By Ian McKendry

WASHINGTON (MNI) – St. Louis Federal Reserve Bank President James
Bullard, speaking to reporters Thursday, said it is important to
communicate disagreements among Federal Reserve members to the markets,
because it allows them to try to determine the Fed’s future actions.

Bullard who spoke following a presentation to the National
Economists Club in Washington said, “If there is some dissent in
the Committee I think the markets should be aware of that, and then they
can factor in where they think the Committee might go in the future.”

Bullard said that it would be bad to have a fraction of the Federal
Open Market Committee disagree with the current policy and the public to
not know that, because if that fraction were to gain control the markets
would be upset.

Bullard also addressed the Federal Reserve’s latest decision to
stimulate the U.S economy with a second round of quantitative easing,
and during his presentation said he favored leaving the door open to
possibly scale back that stimulus in the event the economy begins to
heal.

But, Bullard added that the Fed is inexperienced with central bank
balance sheet policy, like the recent decision to purchase $600 billion
in U.S Treasurys and said because of that inexperience any decision to
curtail or expand the recent stimulus package will likely remain a
Committee decision.

“At this point I think it’s going to be a committee judgement, I
just don’t think we can be more precise than that because we don’t have
that much experience with these balance sheet policies,” Bullard said.

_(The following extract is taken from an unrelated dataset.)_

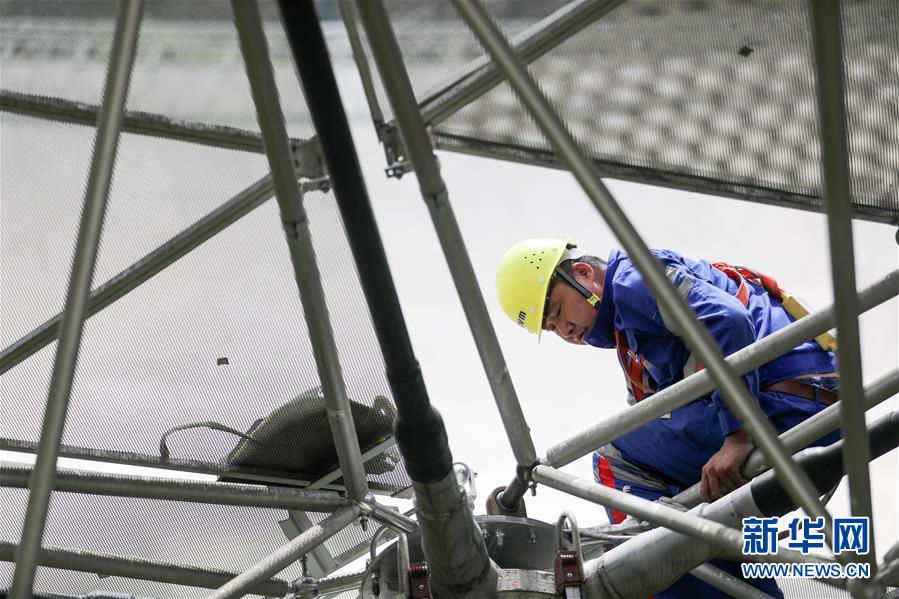 8月28日,工作人員在FAST饋源艙內(nèi)進(jìn)行檢修。 新華社記者 歐東衢 攝

Bullard also said he did not have any concerns that recent policy
actions were not having the desired effect despite recent volatility
treasury yields.

“In the runnup to the meeting — that is about as classic a picture
as you will ever get about a monetary easing,” Bullard said, adding that
some things happened after the November 3 meeting but at that point
the quantitative easing decision had already been priced into the
market.

He also, said the Fed will continue to monitor the economy and make
decisions based on tell tail signs.

“I think as we always do, we will look at all the data and try and
will try to assess how we are doing on inflation side, how the real
economy is doing, what kind of progress we are making on both sides of
our mandate,” Bullard said.

“At the end of the day its the chairman and he makes the call,”
Bullard said about FOMC policy decisions.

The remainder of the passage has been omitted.